En su manifiesto puede leerse:

La destrucción de la naturaleza es un error moral que debe ser detenido.

Por supuesto –y ellos mismos lo dicen–, a dicha aseveración subyacen bases éticas y filosóficas, pero no científicas en el sentido estricto. No obstante, en una época donde no necesitamos tantas certezas científicas como sí una nueva conciencia, parece que abogar por los derechos de la naturaleza es lo mejor que podemos hacer. Además, la evidencia científica respecto a la destrucción de la naturaleza ya está ahí, y la realidad la ha venido a comprobar aparatosamente.

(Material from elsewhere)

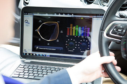 在手握方向盤(pán)的同時(shí),觀察屏幕上像波浪般滾動(dòng)的α和β腦電波圖形,這無(wú)疑是汽車(chē)研發(fā)中最奇特的景象之一。但這的確是捷豹路虎正在進(jìn)行的一項(xiàng)研究——如何使用高度精細(xì)的技術(shù)手段,幫助消除駕駛員的疲勞和注意力分散對(duì)駕駛行為的負(fù)面影響。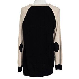 Good used condition, with no stains or tears. A tan and black crew neck sweater, with functional side buttons. Has elbow patches that add interest. Has some light piling.

Lo que necesitamos ahora es apelar a un cambio desde otras prácticas.
Una de ellas es la de la moral.

Es urgente una nueva moral, individual y colectiva, que nos lleve a relacionarnos de otras maneras con la naturaleza y con los otros. Asimismo, la lucha por nuestra supervivencia y evolución requiere de que saquemos a la empatía del baúl de los recuerdos, utilizándola como la han venido utilizando los jóvenes activistas que se han manifestado contra el cambio climático. Ellos nos han enseñado que se acabó la época de los discursos y que, para convencer a otros de hacer algo, necesitamos apelar a las emociones, y no sólo a la razón.

Así que la propuesta de estos científicos es, más que sugerente, completamente coherente y necesaria. La naturaleza reclama sus derechos, y más vale que se le otorguen pronto en todo el mundo –ya que, hasta ahora, sólo un puñado de países lo han hecho, entre ellos Bolivia y Ecuador–. Afortunadamente, este manifiesto cuenta con sólidos argumentos que seguramente se volverán un arma poderosa para que, juntos, podamos conquistar los derechos de la naturaleza.